Ryder and Wing also make an environmental pitch for sweet proteins over sugar or non-nutritive sweeteners. Brazzein is naturally occurring in Oubli Berries of Pentadiplandra Brazzeana. A tree found on the forest edge of the tropical Sahel belt stretching from the Upper Nile Valley and Angola to eastern Nigeria. The abundance of this tree would make agriculture incredibly expensive. And even if Oubli fruit trees could be cultivated in orchards, large-scale agriculture would cause the same deforestation problem as palm oil production in Indonesia or Madagascar. Ryder says farmers have planted 6.5 million acres of sugar worldwide, much of it in sensitive tropical areas.

"For every 1% reduction in sugar, we can either lose 650,000 acres of sugar cane land, or we can replace growing tropical forests."

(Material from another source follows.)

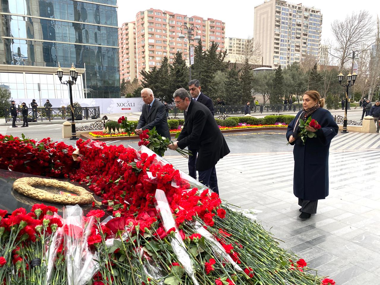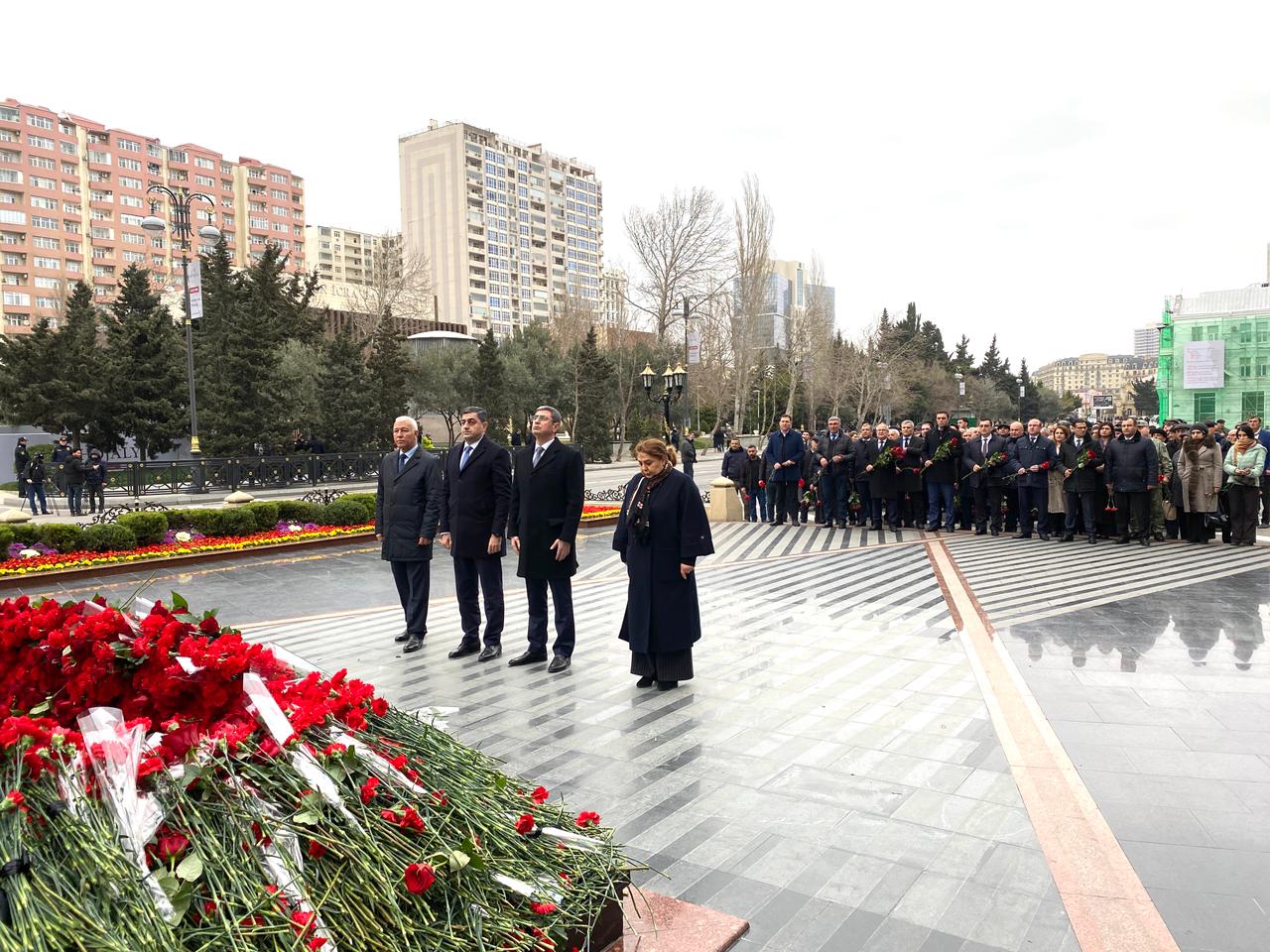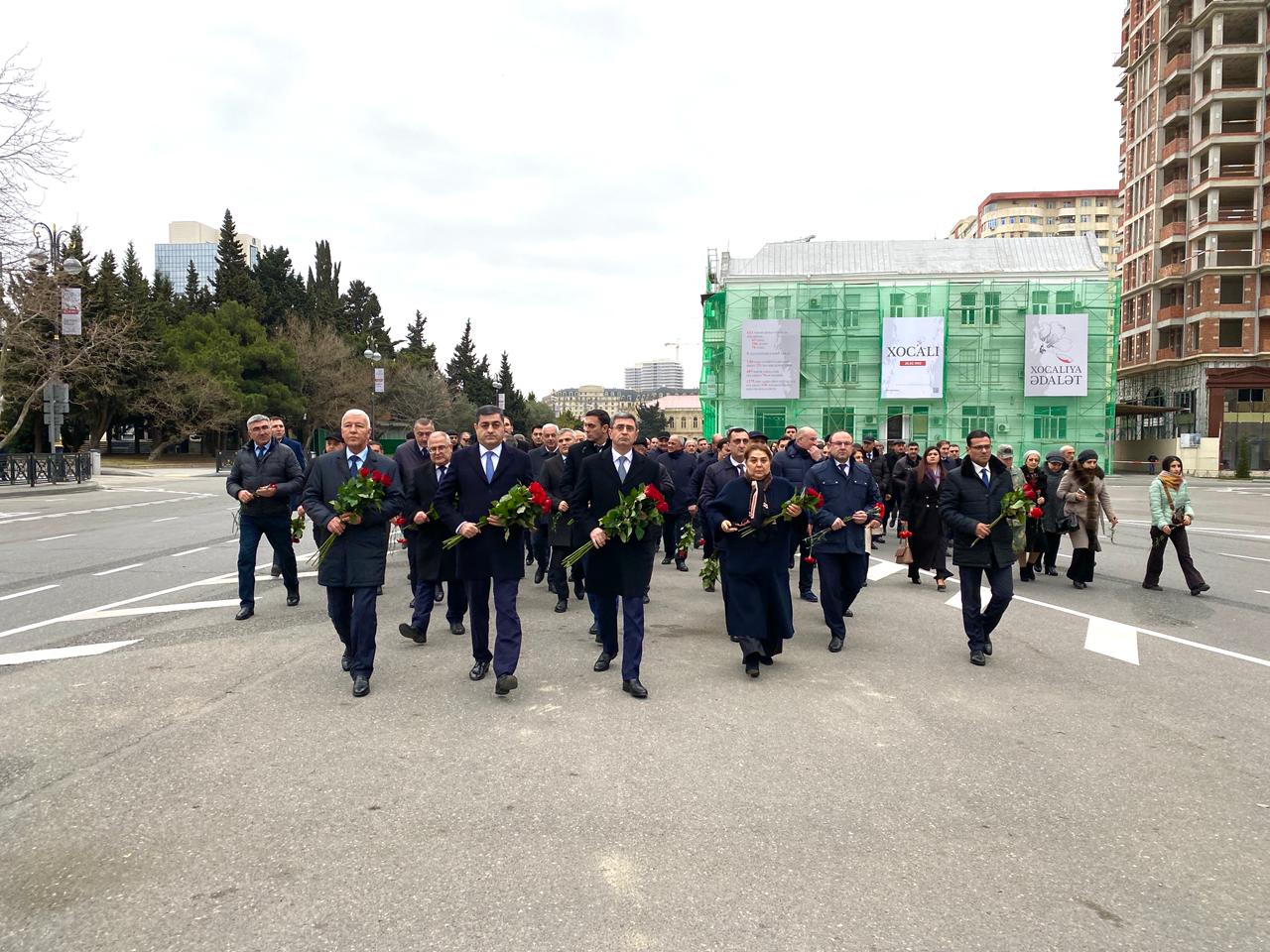 Xocalı faciəsinin 34-cü ildönümü ilə əlaqədar Xəzər Rayon İcra Hakimiyyətinin rəhbərliyi və əməkdaşları, rayon ictimaiyyətinin nümayəndələri “Ana harayı” abidəsini ziyarət etmişlər

So Oobli has transitioned to biotechnology and genetically modified yeast to produce the same Brazzein naturally grown in trees. According to Ryder, the company has developed a scalable fermentation process that has been proven in commercial-scale production of sweet proteins in three countries. This allows the company to supply economically sweet proteins without the need for forests to grow crops.

And to this reporter's palate, Oobli's tea tastes sweet without the odd "off" taste that Stevia and synthetic sweeteners can have. I bought a 6-pack and the dessert-loving kids drank the rest. While there's a sweet aftertaste with a Snapple or Arizona Iced Tea Wallop, Oobli has a smooth balance and comes in various lemon or peach tea flavors.

In essence, Brazzein behaves differently in the mouth compared to sugar. There's a slight delay from when the sweet taste is perceived to when it hits the tongue. So Oobli uses a small amount of sugar derived from sucrose in tea to not confuse the tongue. But the amount of added sugar is minimal. Oobli's iced tea can has 7 grams of sugar, while a sweet Snapple bottle has about 46 grams.

Making proteins in the lab that are hard to find in nature can feel like the antithesis of everything behind the organic food movement. Why show restraint and not cut back on diet soda? Why can't people just accept a fig cookie or a flavorful pie instead, or hold out for drinks like coffee, tea, and water?

But in a country where 40% of adults are obese, appeals to individual responsibility and dietary morality feel grandiose and inappropriate. Many of us lack the restraint to cut back. Or we simply don't care. We suck down soda as if there's no tomorrow. And let's face it. There are millions of us. Synthetic biology may offer an escape. Making hyper-sweet proteins in the lab could be the best way to start addressing the calorie drinking problem.